#### [Task to carry out]
In the data below, find the line containing "集会後の20分休憩の時に校長室前の新聞を見に来た児童がいました。" and the line containing "Black leather platform", then reproduce them and every line between, exactly. Omit pictures.

#### [Extracted entries]
....

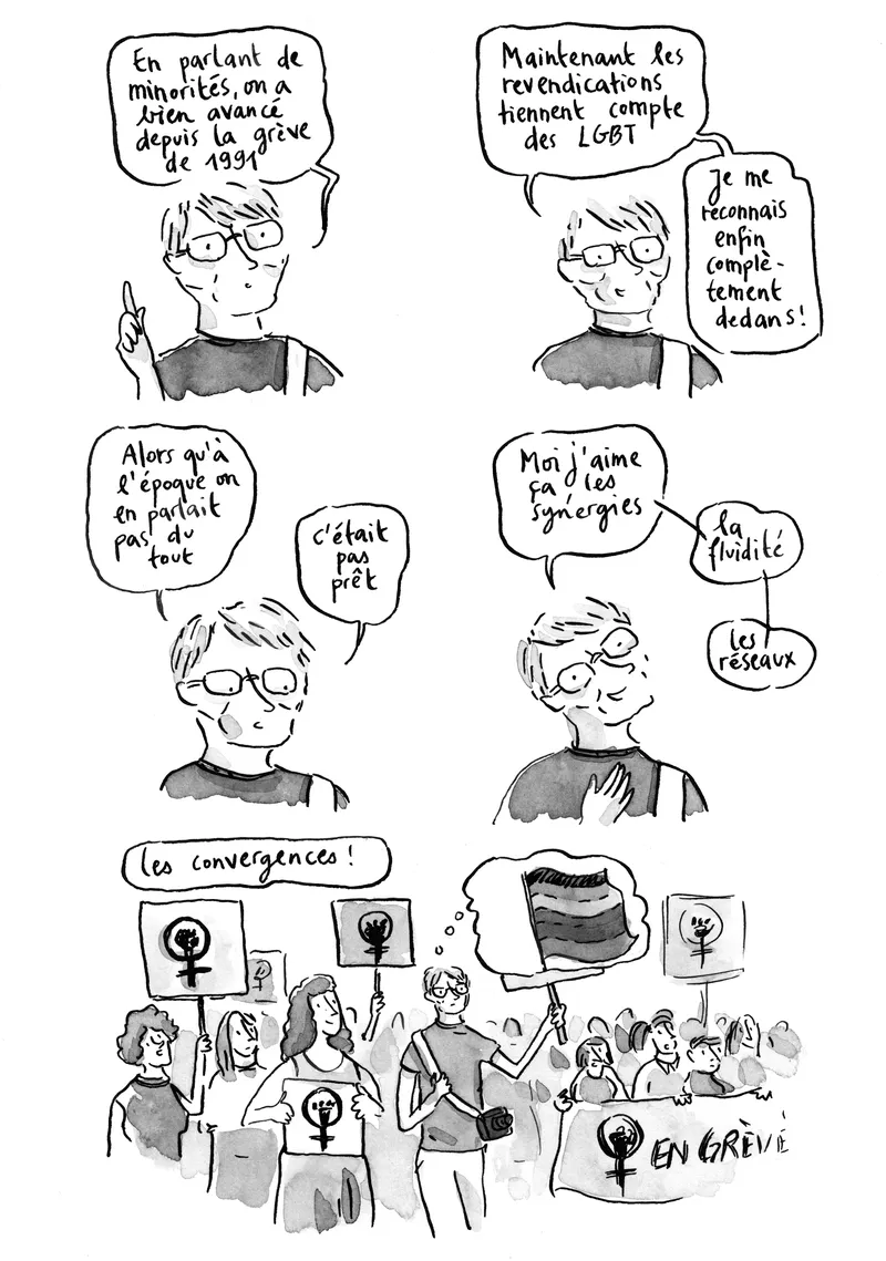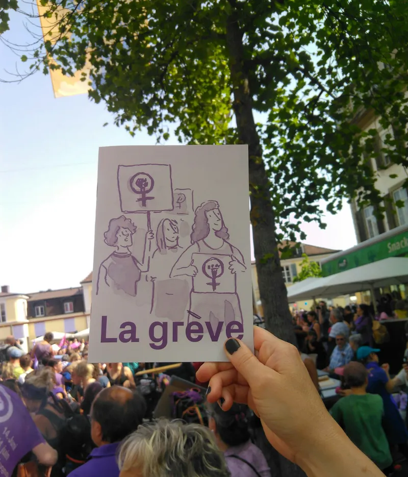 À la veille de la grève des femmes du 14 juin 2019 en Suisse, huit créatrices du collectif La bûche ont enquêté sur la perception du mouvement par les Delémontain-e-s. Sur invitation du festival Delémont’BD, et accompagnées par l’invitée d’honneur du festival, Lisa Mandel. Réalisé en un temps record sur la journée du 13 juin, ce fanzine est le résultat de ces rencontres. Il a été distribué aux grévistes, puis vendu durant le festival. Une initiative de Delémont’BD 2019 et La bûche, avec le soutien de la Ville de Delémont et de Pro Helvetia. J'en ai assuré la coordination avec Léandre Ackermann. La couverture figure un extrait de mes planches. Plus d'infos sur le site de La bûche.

....

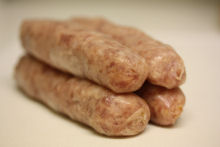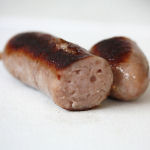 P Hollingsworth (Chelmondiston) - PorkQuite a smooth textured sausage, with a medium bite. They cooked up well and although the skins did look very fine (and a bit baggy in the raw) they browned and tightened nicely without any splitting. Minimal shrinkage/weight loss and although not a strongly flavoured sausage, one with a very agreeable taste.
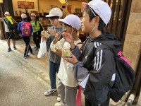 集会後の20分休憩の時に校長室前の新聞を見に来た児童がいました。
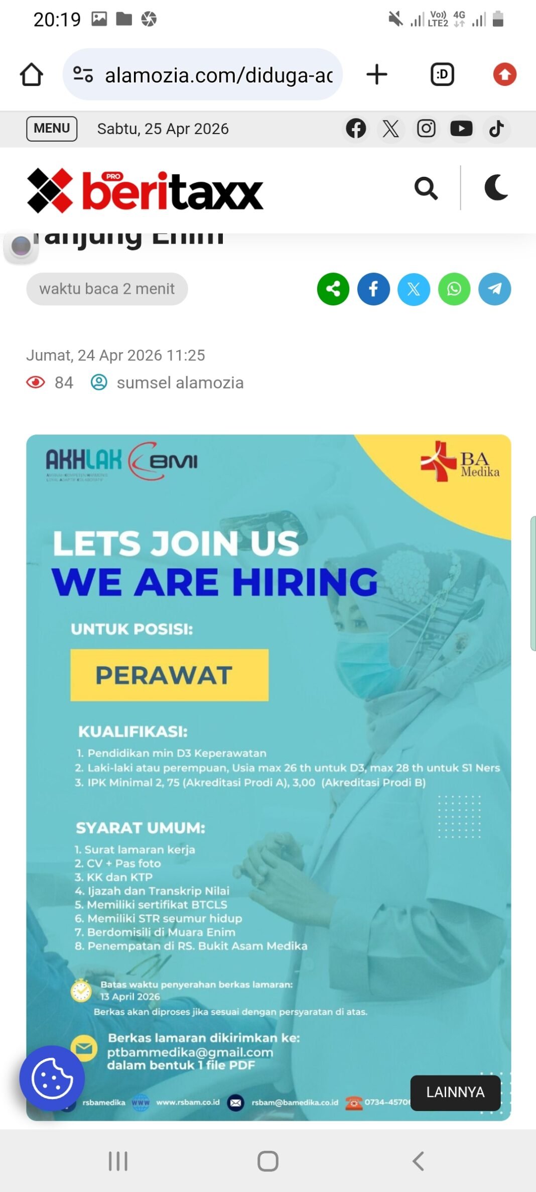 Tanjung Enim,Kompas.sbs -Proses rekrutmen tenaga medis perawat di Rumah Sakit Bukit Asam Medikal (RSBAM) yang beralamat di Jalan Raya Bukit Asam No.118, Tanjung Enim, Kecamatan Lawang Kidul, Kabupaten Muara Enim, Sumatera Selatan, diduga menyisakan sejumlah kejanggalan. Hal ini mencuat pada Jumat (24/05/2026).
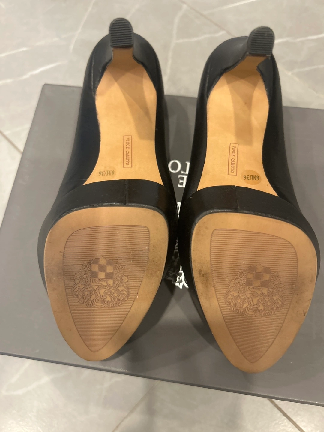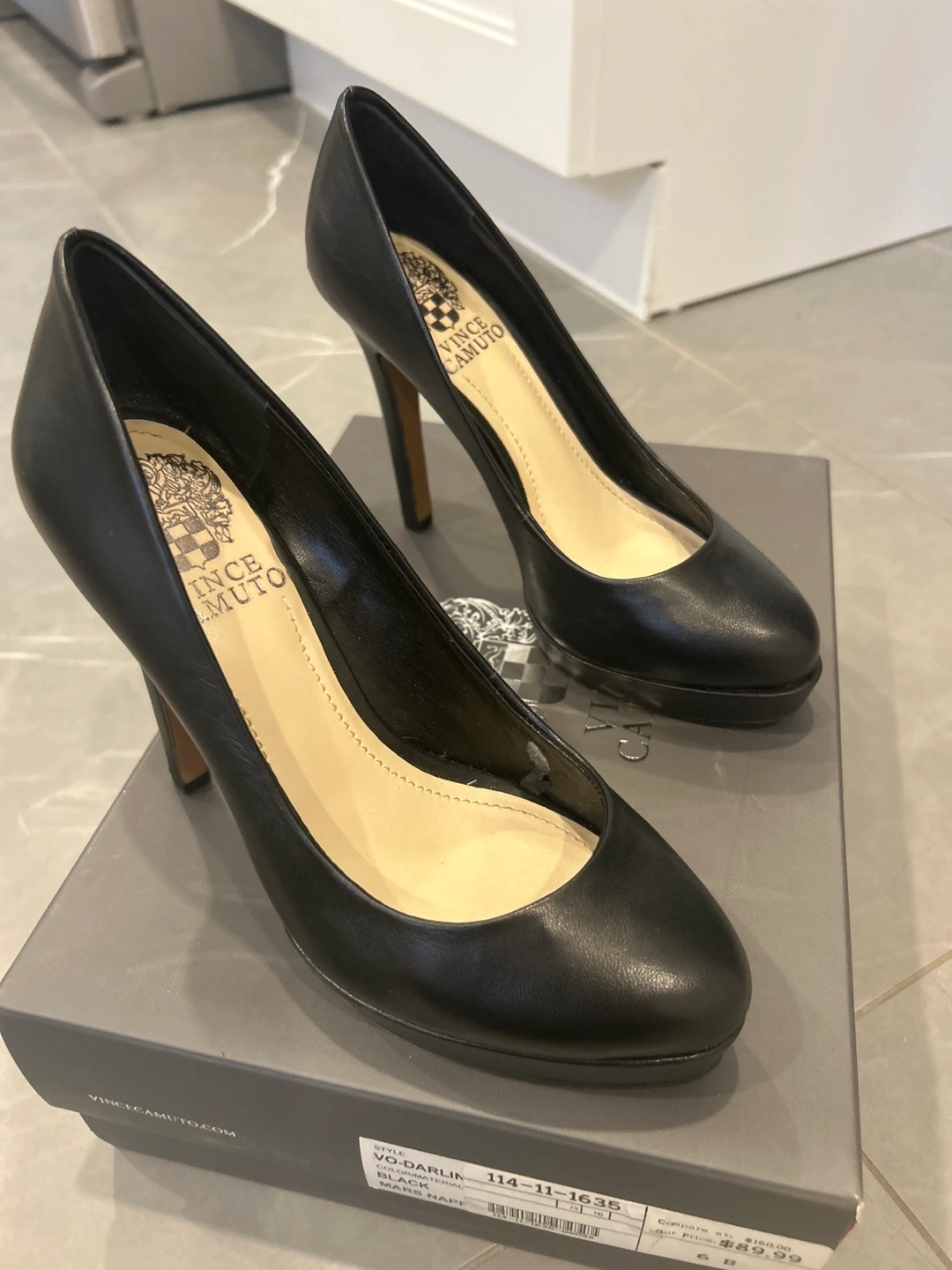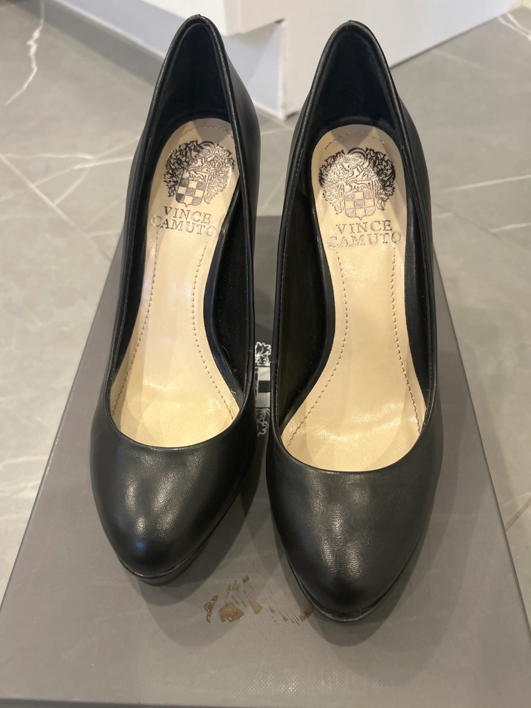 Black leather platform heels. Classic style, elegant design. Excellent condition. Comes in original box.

....

#### [Solution for this exercise]
 集会後の20分休憩の時に校長室前の新聞を見に来た児童がいました。
 Tanjung Enim,Kompas.sbs -Proses rekrutmen tenaga medis perawat di Rumah Sakit Bukit Asam Medikal (RSBAM) yang beralamat di Jalan Raya Bukit Asam No.118, Tanjung Enim, Kecamatan Lawang Kidul, Kabupaten Muara Enim, Sumatera Selatan, diduga menyisakan sejumlah kejanggalan. Hal ini mencuat pada Jumat (24/05/2026).
 Black leather platform heels. Classic style, elegant design. Excellent condition. Comes in original box.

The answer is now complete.